University College of Engineering, Tiruchirappalli(BIT campus),

Tiruchirappalli – 620 024, India.

[email protected]

[email protected]

[email protected]—Internet has become a vital part in day to day life for wide-ranging population for many purposes like business transactions, instructive purpose etc. As many organizations rely on online business transactions there is a need for their database to get secured from intruders. Every organization uses web application for accessing their data from the database, these applications uses user inputs to create a query for storing, retrieving data from the database. Although all the organizations concerned about their data security, the attackers can still able to lure or corrupt their data by using the techniques like SQL injection, Client Side Cross Site Scripting, Privilege Escalation attack, Hijack future session attack, which are commonly referred to as intrusion. These attacks are done by inserting a malicious query as an input to the web application or by sending malicious content through web request. In this paper we present a novel based intrusion detection system based on analyzing user behavior and by analyzing the user input queries using Honeypot technique to reduce false positives in Dynamic web application. Honey pots are designed to review the activity of intruders, save log files and record events.
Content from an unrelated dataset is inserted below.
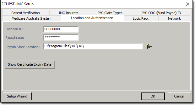 It is at this time you must enter the Location ID, Passphrase and Crypto Store Location for your encryption certificate. This information will be supplied to you by Medicare. It may be that you already have this information recorded if you have already configured Bluechip for Medicare Online claiming. -

By monitoring both web requests and subsequent database queries, we are able to detect attacks that independent Intrusion Detection System would not be able to identify.
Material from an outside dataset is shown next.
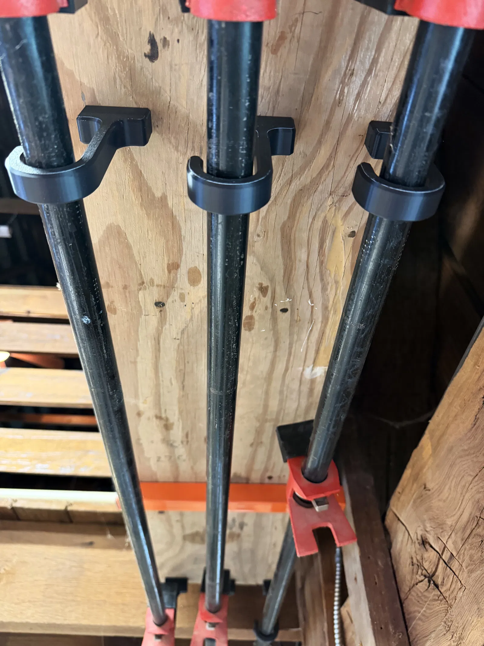 Mấy cái hook này được thiết kế để gắn kẹp ống 3/4" (3/4" pipe clamp) vào mặt dưới của một kệ dài trong xưởng của mình, nhưng cũng có thể dùng cho các loại ống/tube khác, hoặc dùng như một cái móc treo nói chung. Phần mount được cố định bằng hai con vít, và phần hook ăn khớp với một dovetail có rãnh (notched dovetail), giúp ngăn không cho hook bị trượt tuột ra phía sau.

Keywords—Intrusion Detection System, SQL Injection attack, Cross Site Scripting attack, Privilege Escalation attack, Hijack Future Session attack, User behavior, mapping model.

Introduction

In recent years, widespread adoption of the internet has resulted into rapid advancement in information technologies. The internet is used by the general population for the purposes such as financial transactions, educational activities and countless other activities. This development of the Internet use has unfortunately been accompanied by a growth of malicious activity in the Internet. The use of the internet for accomplishing important tasks such as transferring a balance from bank account always comes with a security risk.

Today’s websites strive to keep their user’s data confidential and after years of doing secure business online, these companies have become experts in information security.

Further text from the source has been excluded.